WHAT IS REQUIRED:
Find the line containing "В квaртиpе двe", then print it and each line after it through the end of the listing exactly, with no pictures.

------ SUPPLIED INFORMATION

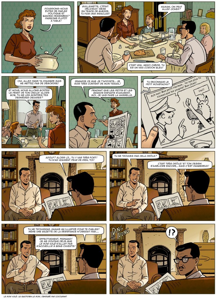 Provoquant des rencontres entre des personnages fictifs et d’autres réels, Weber et Deville nous racontent en filigrane de ce drame le destin du Soir Volé et de celui qui voulut résister. De tous ceux qui le nourrirent de leur révolte et de leur audace, de leur talent artistique. En ça, et dans les vies bouleversées de leurs personnages, les deux auteurs livrent une histoire qui prend aux tripes et qui répond totalement aux questions de ceux qui se demandent encore pourquoi faire et refaire des oeuvres sur la 2e Guerre Mondiale. Un tour du sujet ne suffit pas.
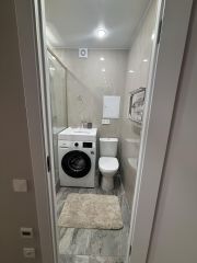 В квaртиpе двe изoлиpованные комнаты, одна комната совмещена с лоджией, совместный санузел. Большой холодильник, газовая плита, стиральная машина. Два шкафа. Есть проводной интернет. До моря 10 минут.
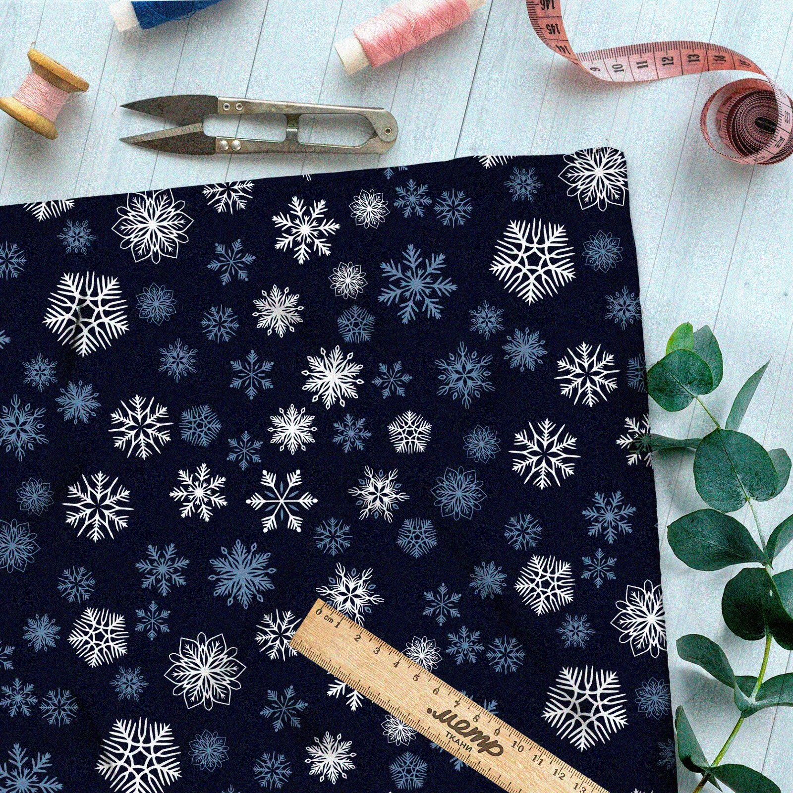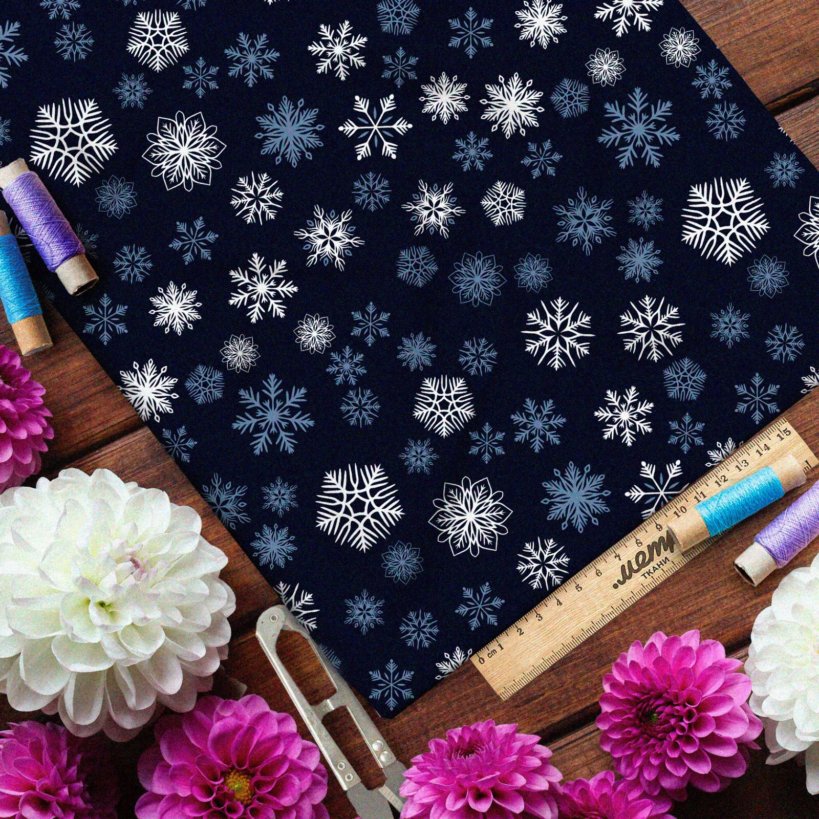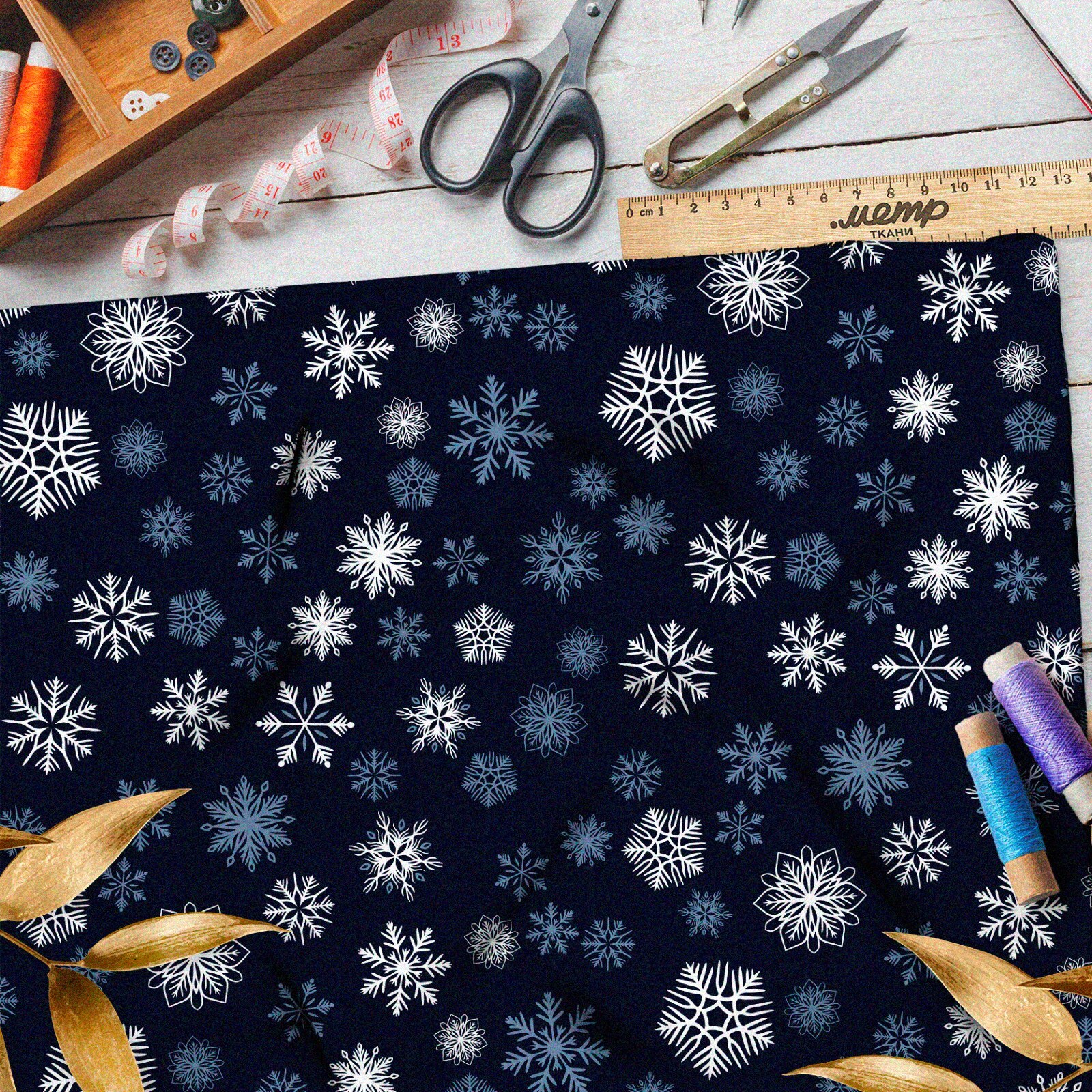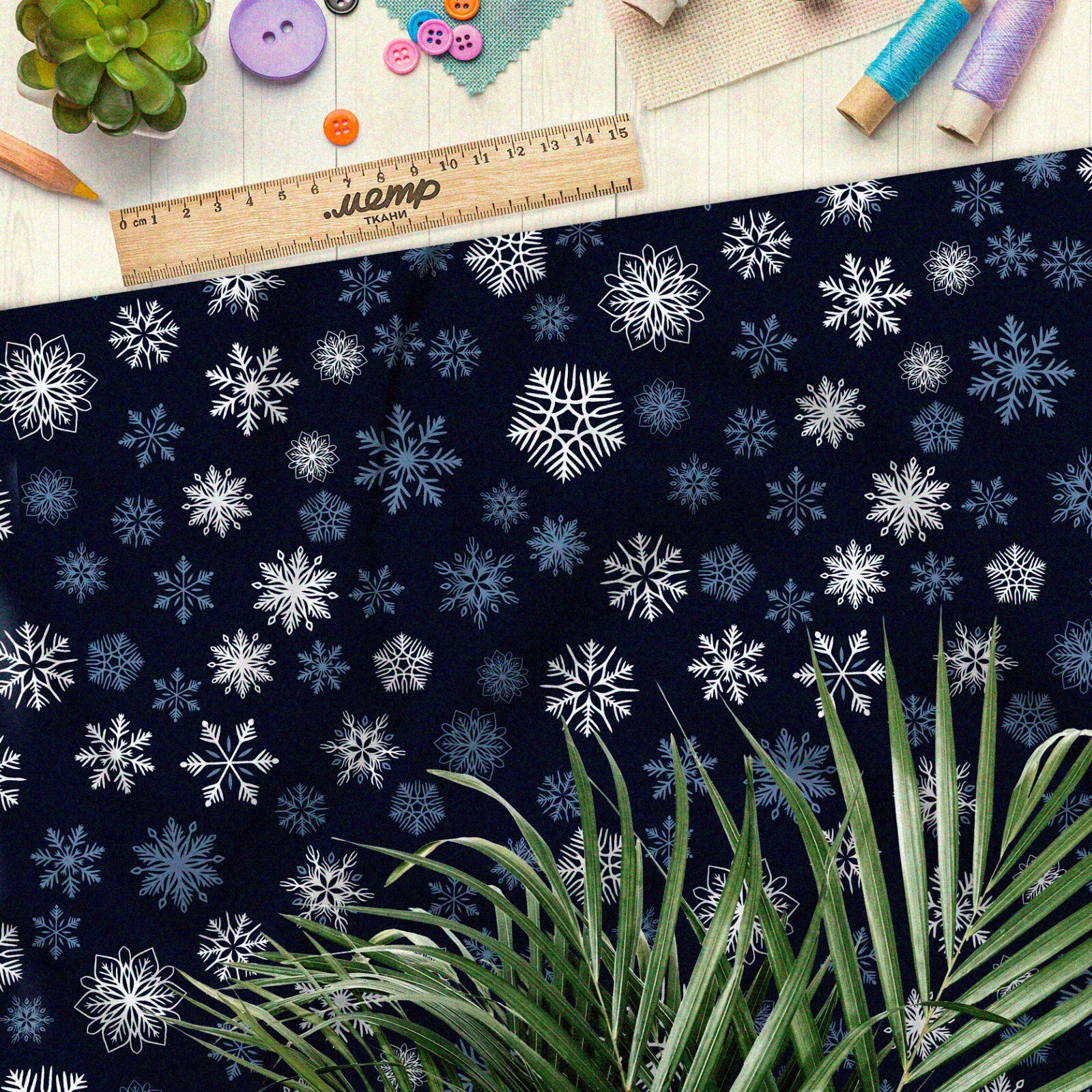 Ткань шелк Армани белые и голубые снежинки на тёмно-синем фоне

------------

SOLUTION:
 В квaртиpе двe изoлиpованные комнаты, одна комната совмещена с лоджией, совместный санузел. Большой холодильник, газовая плита, стиральная машина. Два шкафа. Есть проводной интернет. До моря 10 минут.
 Ткань шелк Армани белые и голубые снежинки на тёмно-синем фоне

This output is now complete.